# Interested in mushing



## SpotTheCat (Apr 8, 2021)

I am really interested in mushing and have a few questions 
What are all the types of mushing?
Is carting a type of mushing? 
Can you do none competitive mushing?
In carting do you pull people? Or only objects
Any advice for someone wanting to start?


----------



## DaySleepers (Apr 9, 2011)

In my limited knowledge:

Mushing is when you have a full team of dogs pulling some variety of traditional dog sled
Carting is when you have a single dog pulling a dog cart which typically will not be holding a person
Sulky driving is having one or two dogs pulling a specialized cart (a sulky) which can hold a single person (obviously you need dogs of a certain size and conditioning to do this one)
Joring is when you have one or more dog that helps pulling you as you also provide some of your own power: this can be just with running (also called canicross), but also with skiing, biking, kickbiking, scootering, etc. This is a good option for dogs who wouldn't otherwise be big enough to safely pull a person 100% by their own power.

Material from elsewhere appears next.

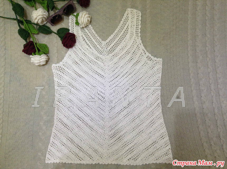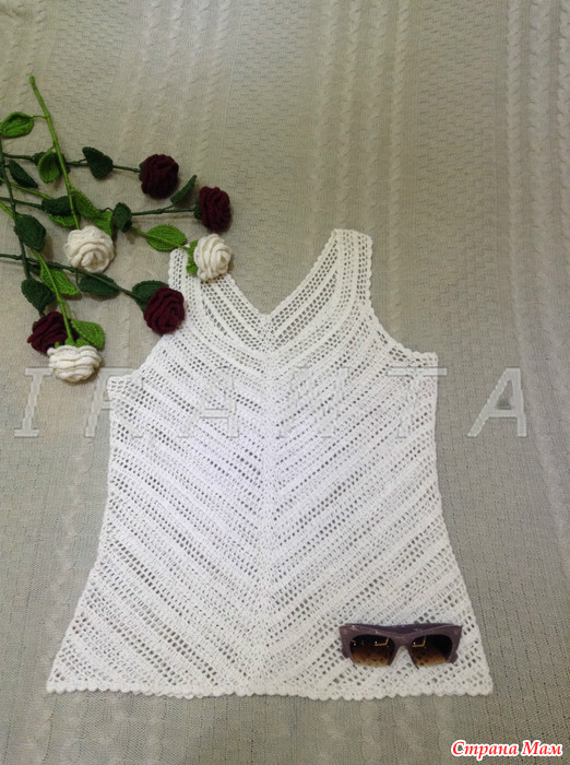 1. Самый простой, но очень удобный и практичный топ "Филейная диагональ". Пряжа Троицкая "Ленок", 70% хлопок, 30% лен. 550 м на 100 гр, цвет "Отбелка", де-факто это скорее "молоко". Крючок № 1,25, расход 220 г на разм. 48-50. Длина топа 67 см.
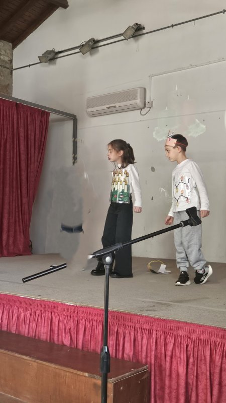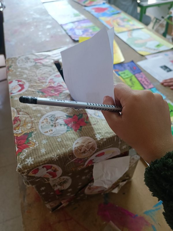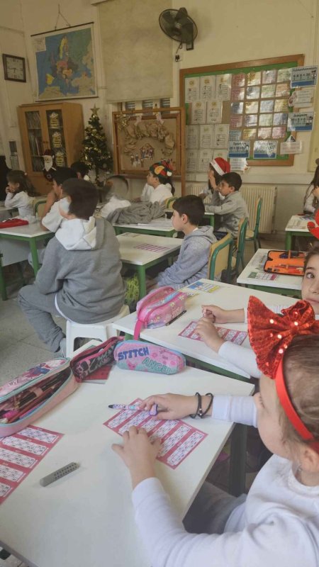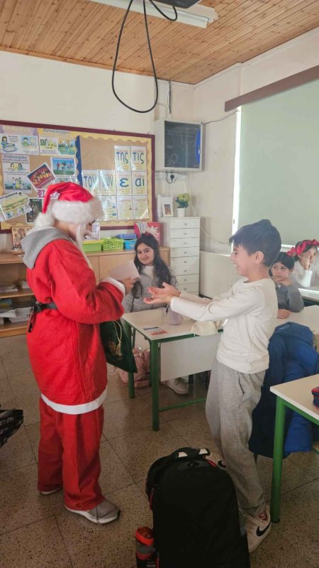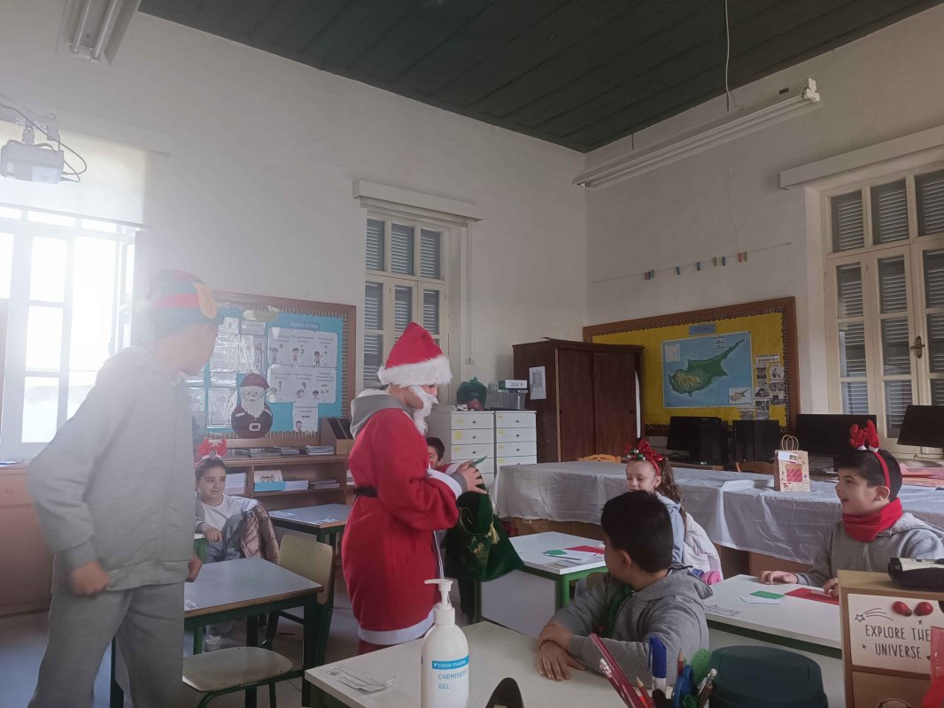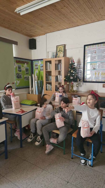 Καθώς και την επίσκεψη από τάξη σε τάξη για το μοίρασμα της χριστουγεννιάτικης μας αλληλογραφίας στο σχολείο από μαθητή της Στ' τάξης του σχολείου μας ντυμένο στα κόκκινα σε ρόλο Άγιου Βασίλη. Στιγμές από την ταινία μας με ποπ κορν, αλλά και από την τόμπολα-μπίνγκο!

I've never done any of these sports personally, so I may have some things mixed up, but that's my general understanding of the 'dog pulling things' sports that aren't weight pull. Any of these will require a dog to be trained and conditioned carefully so they have the appropriate muscle development before they're ever expected to pull the sled/cart/etc. and all require specialized harnesses to distribute the force in a safe and effective way (but it's not a one harness fits all situation, heavier pulling with a low attachment point might require a more specialized harness with a spreader bar whereas joring harnesses are typically more lightweight).


----------



## SpotTheCat (Apr 8, 2021)

DaySleepers said:


> In my limited knowledge:
> 
> Mushing is when you have a full team of dogs pulling some variety of traditional dog sled
> Carting is when you have a single dog pulling a dog cart which typically will not be holding a person
> ...


Thank you! what I understand is mushing is any thing powered by dogs, but I am not sure if that is correct.


----------



## DaySleepers (Apr 9, 2011)

As I said, I personally have only heard it used specifically for the traditional dogsledding style with full teams, but I could be wrong. I'm also in Norway, and the people here into mushing are REALLY into mushing and probably wouldn't be pleased to have their sport compared to stuff like bikejoring, haha. 

I will say that most of these can be done casually, and in the case of joring I'm not sure there even are competitions, it's just a fun activity with dogs. There definitely are carting/drafting competitions, but the only one that really requires you to be all in is proper dogsled mushing just due to how many animals you need to pull it off.


----------



## LeoRose (Aug 20, 2015)

Mushing generally applies to either dog sledding or dry land mushing, which uses teams of dogs to pull a sled or wheeled cart designed for off-road running.

Carting is one or two dogs pulling a wheeled vehicle with the handler walking.

Driving is one or more dogs hitched to a cart or sulky with the handler in the vehicle.

Jorring is one or more dogs attached to a person skiing, or a bike, scooter, or the like with the person riding the vehicle.

Cani-cross is one or more dogs attached to a person who is running/walking.

Weight pull is a single dog pulling as much weight as possible for a specified distance.

A more general term that includes mushing, jorring, etc. is "pulling sports". All of them can be done casually or competitively.


----------



## parus (Apr 10, 2014)

My advice to someone who wants to get started with mushing is to work at at a dogyard in exchange for instruction, but then again, I live in Alaska and there are mushers everywhere, lol. I imagine they're less ubiquitous elsewhere.

If you wanted to buy a mushing team every spring there are bunches of them for sale here, or dropped at shelters.


----------



## SpotTheCat (Apr 8, 2021)

LeoRose said:


> Mushing generally applies to either dog sledding or dry land mushing, which uses teams of dogs to pull a sled or wheeled cart designed for off-road running.
> 
> Carting is one or two dogs pulling a wheeled vehicle with the handler walking.
> 
> ...


thank you!


parus said:


> My advice to someone who wants to get started with mushing is to work at at a dogyard in exchange for instruction, but then again, I live in Alaska and there are mushers everywhere, lol. I imagine they're less ubiquitous elsewhere.
> 
> If you wanted to buy a mushing team every spring there are bunches of them for sale here, or dropped at shelters.


I am looking at going some where to try it. Sadly there are very few places that do mushing and they are too far away for me to go frequently, so not much point to seeing if they would let me work there in exchange for instructions.


----------